Exercise brief:
The finished copy should match every record exactly and contain no pictures.
****************
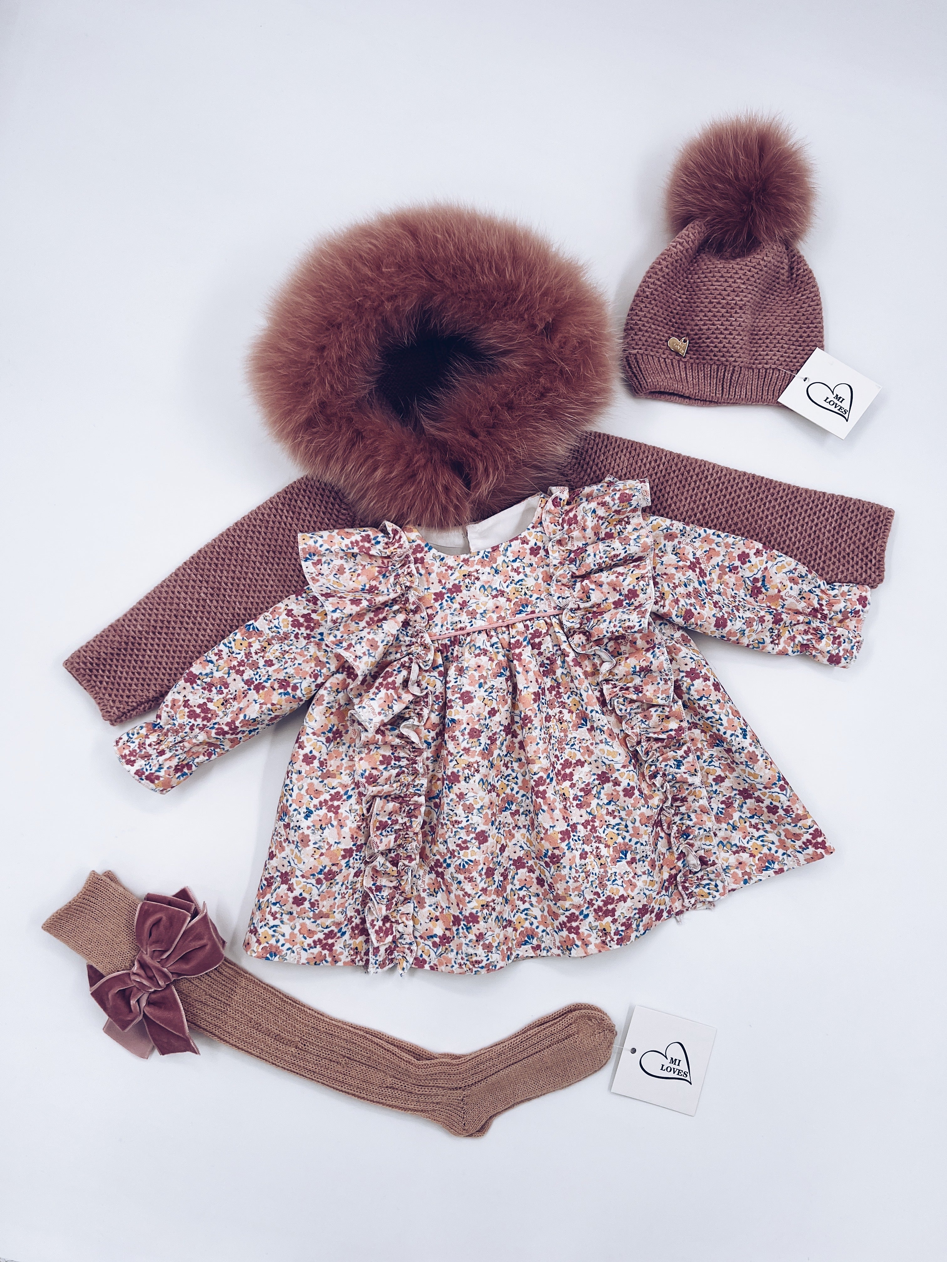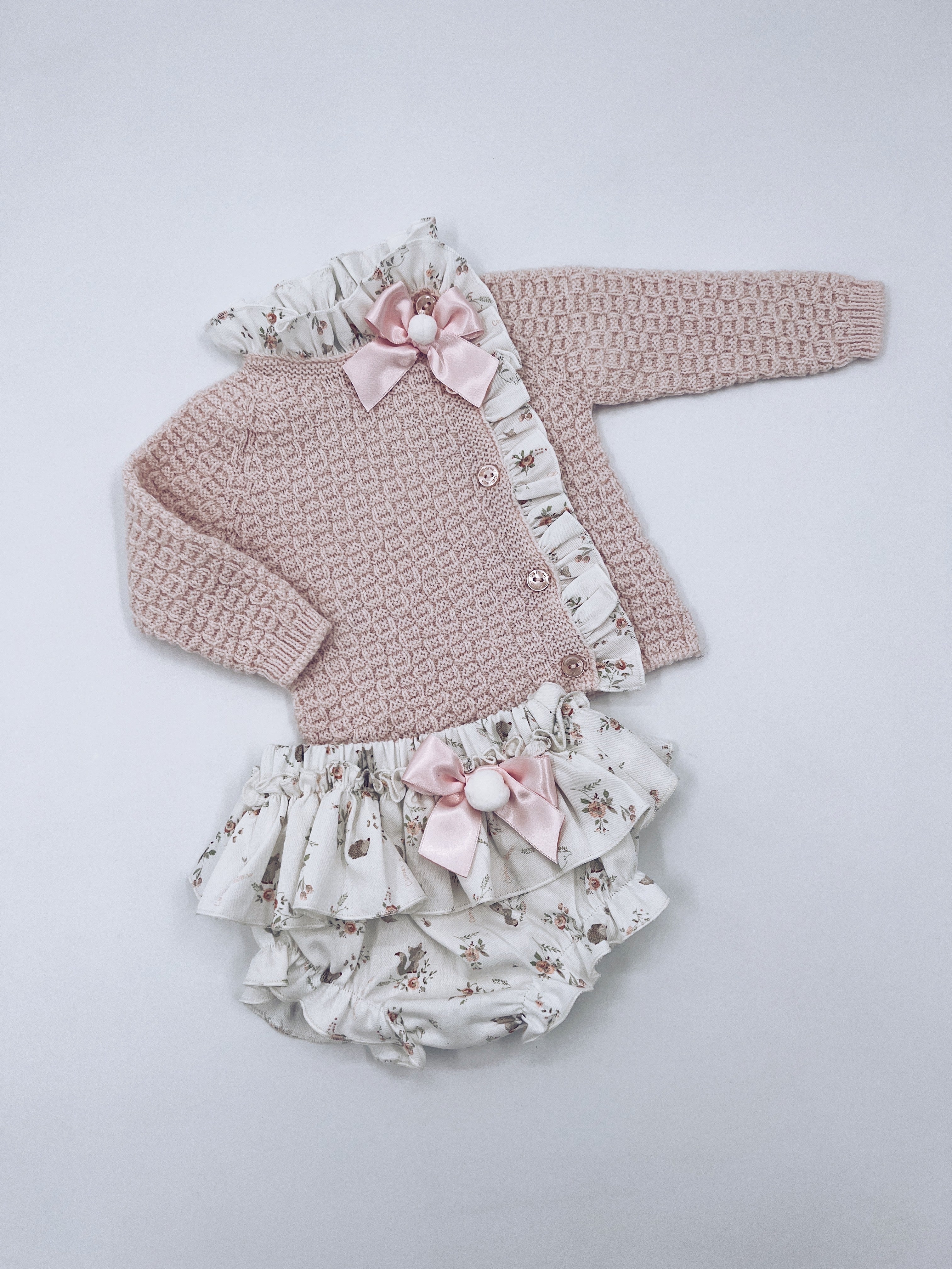 Beautiful Knitted top and floral print bloomers 2 piece set with bow and frill details.
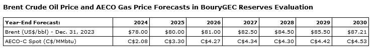 - Before tax NPV-10 values have increased 133 per cent for 1P and 120 per cent for 2P, over year-end 2022, due to reserves growth and notwithstanding decreases in the oil price forecast used by BouryGEC at year-end 2023.
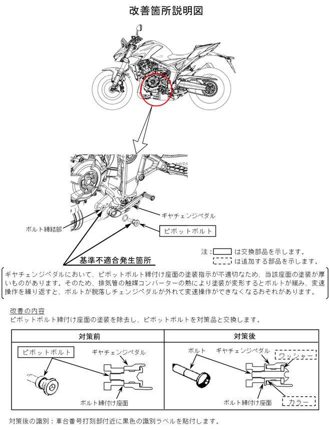 ギヤチェンジペダルにおいて、ピボットボルト締付け座面の塗装指示が不適切なため、当該座面の塗装が厚いものがあります。そのため、排気管の触媒コンバーターの熱により塗装が変形するとボルトが緩み、変速操作を繰り返すと、ボルトが脱落しチェンジペダルが外れて変速操作ができなくなるおそれがあります。
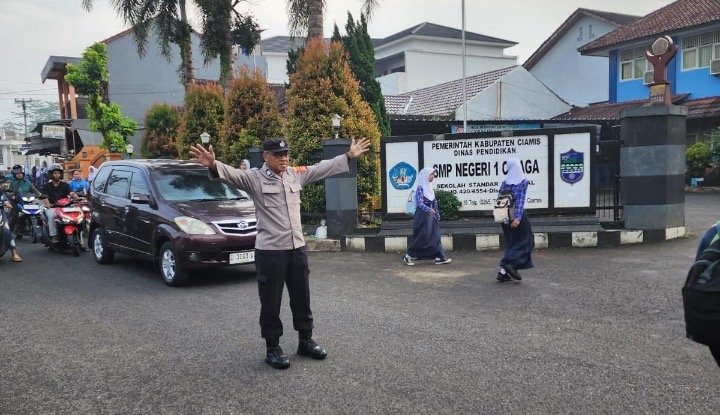 Kegiatan yang dimulai sekitar pukul 06.30 WIB tersebut dilaksanakan oleh personel Polsek Cisaga, yakni Aiptu Kulup Nugroho dan Bripka Ruslan Hadiyatna, dengan fokus pengamanan di area sekolah yang menjadi titik aktivitas masyarakat pada pagi hari.
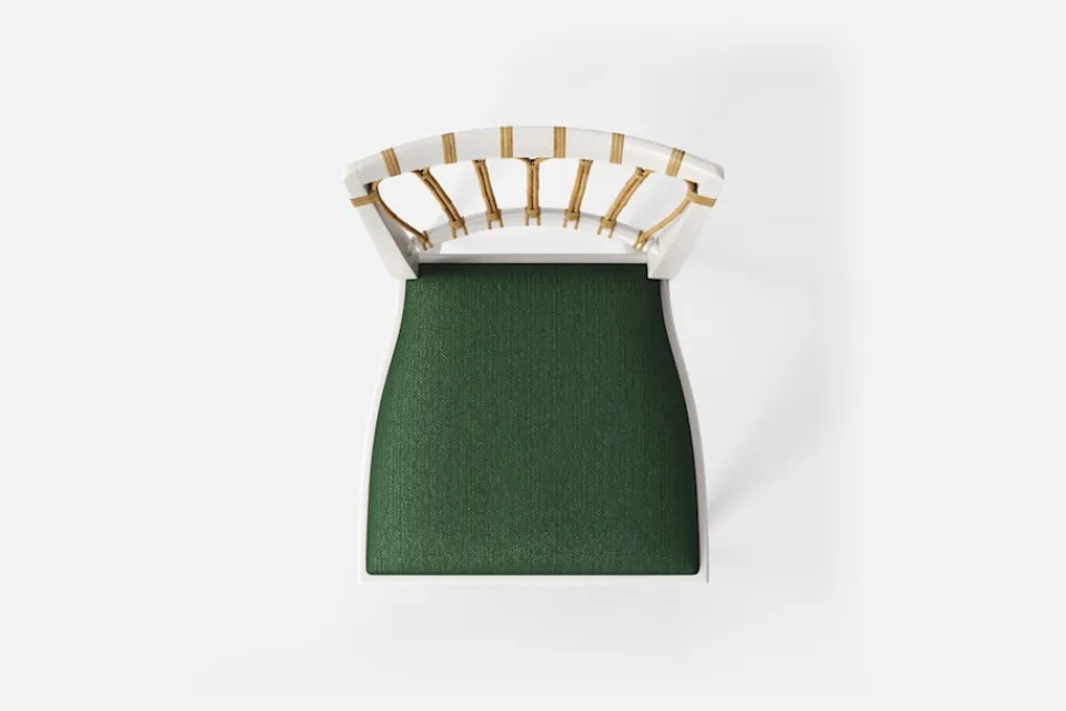 Stol 1165 har en genombruten rygg bestående av lindad rotting. För att skapa en spänning i formen valde Josef Frank ofta att blanda olika träslag och material. Stol 1165 formgavs av Josef Frank 1947.
****************
Result for this exercise:
 Beautiful Knitted top and floral print bloomers 2 piece set with bow and frill details.
 - Before tax NPV-10 values have increased 133 per cent for 1P and 120 per cent for 2P, over year-end 2022, due to reserves growth and notwithstanding decreases in the oil price forecast used by BouryGEC at year-end 2023.
 ギヤチェンジペダルにおいて、ピボットボルト締付け座面の塗装指示が不適切なため、当該座面の塗装が厚いものがあります。そのため、排気管の触媒コンバーターの熱により塗装が変形するとボルトが緩み、変速操作を繰り返すと、ボルトが脱落しチェンジペダルが外れて変速操作ができなくなるおそれがあります。
 Kegiatan yang dimulai sekitar pukul 06.30 WIB tersebut dilaksanakan oleh personel Polsek Cisaga, yakni Aiptu Kulup Nugroho dan Bripka Ruslan Hadiyatna, dengan fokus pengamanan di area sekolah yang menjadi titik aktivitas masyarakat pada pagi hari.
 Stol 1165 har en genombruten rygg bestående av lindad rotting. För att skapa en spänning i formen valde Josef Frank ofta att blanda olika träslag och material. Stol 1165 formgavs av Josef Frank 1947.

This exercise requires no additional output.